If you use Intel intrinsics, the code might look like this… It is a bit technical so I am not going to explain it further, but the idea is as I explained…

__m128i dot_to_counters(__m128i input) {
  __m128i dots = _mm_cmpeq_epi8(input, _mm_set1_epi8('.'));
  __m128i sequential =
_mm_setr_epi8(-128, -127, -126, -125, -124, -123, -122, -121, -120, -119,
-118, -117, -116, -115, -114, -113);
  __m128i dotscounts = _mm_and_si128(dots, sequential);
  __m128i origdotscounts = dotscounts;
  dotscounts = _mm_min_epi8(_mm_alignr_epi8(zero, dotscounts, 1),
    dotscounts);
  dotscounts = _mm_min_epi8(_mm_alignr_epi8(zero, dotscounts, 2),
    dotscounts);
  dotscounts = _mm_min_epi8(_mm_alignr_epi8(zero, dotscounts, 4),
    dotscounts);
  dotscounts = _mm_min_epi8(_mm_alignr_epi8(zero, dotscounts, 8),
    dotscounts);
  __m128i next = _mm_alignr_epi8(_mm_setzero_si128(), dotscounts, 1);
  dotscounts = _mm_subs_epu8(next, origdotscounts);
  dotscounts = _mm_subs_epu8(dotscounts, _mm_set1_epi8(1));
  return _mm_blendv_epi8(input, dotscounts, dots);
}

I call this strategy  “Prefix-Minimum”. It is essentially data independent.
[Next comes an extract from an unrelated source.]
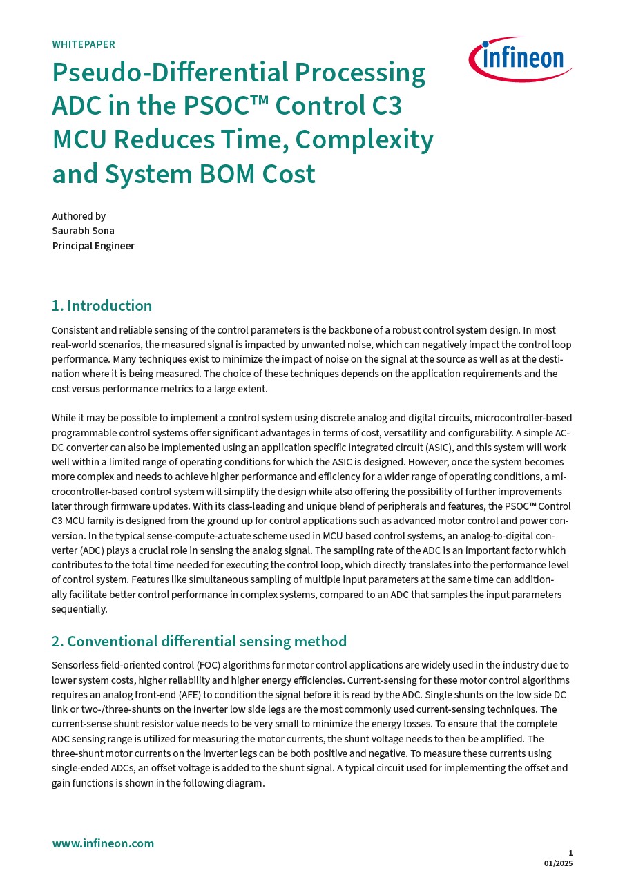 Pseudo-Differential Processing ADC in the PSOC™ Control C3 MCU Reduces Time, Complexity and System BOM Cost

It does not matter where the dots are, the code is always the same. Processors like that a lot!

Prefix-Minimum will be fast, especially if you use wide registers (e.g., 32 bytes with AVX2 instructions). However, it does not offer a direct path to validating the inputs: are the counters in the proper range? Do you have overly long labels?
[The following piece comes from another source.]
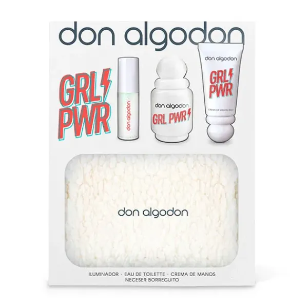 Empodérate con el Set de Regalo Girl Power de Don Algodón. Incluye la fragancia Girl Power 30 ml, un iluminador glitter, crema de manos perfumada y un neceser de borreguito. Un set perfecto para mujeres seguras de sí mismas.

If you need to reason about where the dots are, the best way is probably to build an index in the spirit of the simdjson library (our original paper is available as PDF). For example, you can load 64 bytes of data, and construct a 64-bit word where each bit correspond to a byte value, and the byte is set to 1 if the corresponding byte is a dot (‘.’), you can then iterate through the bits, as a bitset. The construction of the 64-bit word might look as follows using Intel instructions and AVX2:

__m256i input1 = _mm256_loadu_si256((const __m256i *)src);
__m256i input2 = _mm256_loadu_si256((const __m256i *)(src + 32));
uint32_t dots1 = (uint32_t)_mm256_movemask_epi8(
_mm256_cmpeq_epi8(input1, _mm256_set1_epi8('.')));
uint32_t dots2 = (uint32_t)_mm256_movemask_epi8(
_mm256_cmpeq_epi8(input2, _mm256_set1_epi8('.')));
uint64_t DOTS = (((uint64_t)dots2) << 32) | dots1;

I implemented different strategies using AVX2 intrinsics. We can use a database of popular domain names for testing. Results vary depending on the system. I use GCC 11 and an Ice Lake server.
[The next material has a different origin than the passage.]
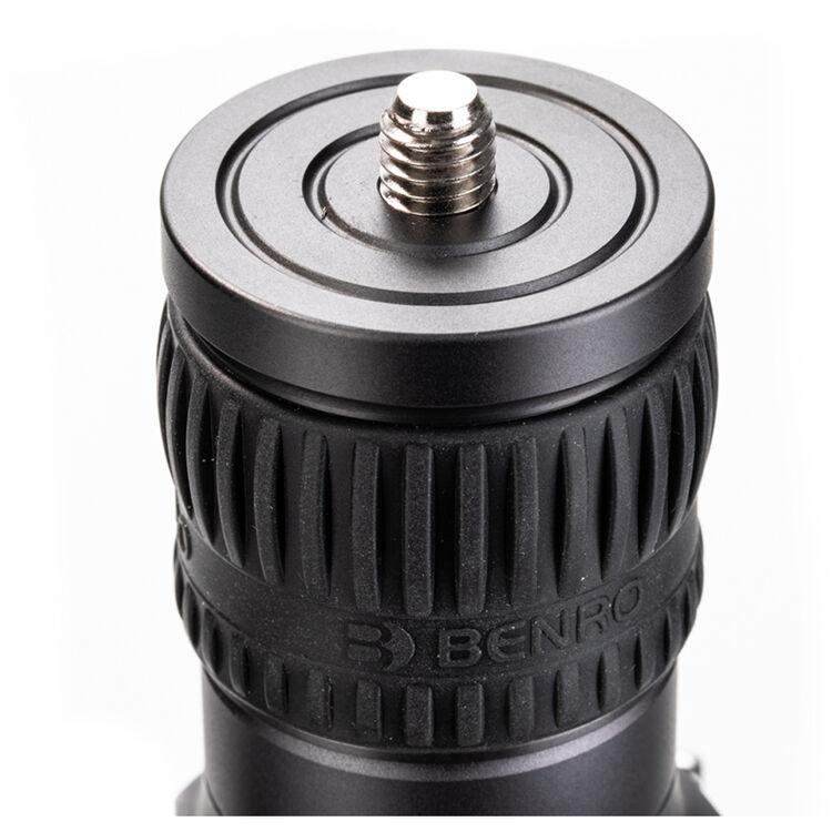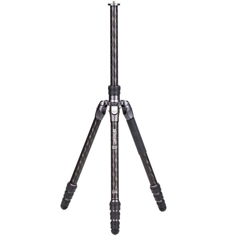The Rhino Two Series Carbon Fiber Tripod from Benro has a maximum height of 66.3", a load capacity of 36.6 pounds, and is compatible with any type of ball head, gimbal, or pan/tilt head. The reverse-folding design allows the tripod to fold down to a compact 25.2" for easy storage or transport. Each leg features an automatic leg angle adjustment button that makes it easy to adjust leg angles for low-level positioning or leveling on uneven terrain. The center column and one leg can be removed and combined into a 69" tall monopod for shooting conditions where a tripod may be too bulky or slow, as when shooting sports or wildlife. Each leg has a rubber foot and an interchangeable steel spike for traction on all kinds of surfaces.

technique CPU cycles/string instructions/string
conventional 150 240
Prefix-Minimum (256 bits) 44 77
simdjson-like (256 bits) 56 77

My source code is available.

The Prefix-Minimum approach is fastest. Observe how the Prefix-Minimum approach is faster than the simdjson-like approach, despite executing the same number of instructions. That is because it is able to retire more instructions per cycle. The downside of the Prefix-Minimum approach is that it does not validate the label length.

The simdjson-like approach does full validation and is still quite fast: over three times faster than the conventional approach. It is sufficient to break the gigabyte per second barrier (1.7 GB/s in these experiments).

Being able to validate the counter values with the Prefix-Minimum without adding too much overhead would be fantastic: it might be possible to get the best speed without compromising on the validation. It remains an open problem whether it is possible.

I suspect that my implementations can be improved, by at least 20%.

Future work should consider AVX-512. I have the sketch of an implementation using AVX-512 but it is not faster. Porting to ARM NEON would be interesting.

Credit: The work was motivated by the simdzone project by NLnetLabs.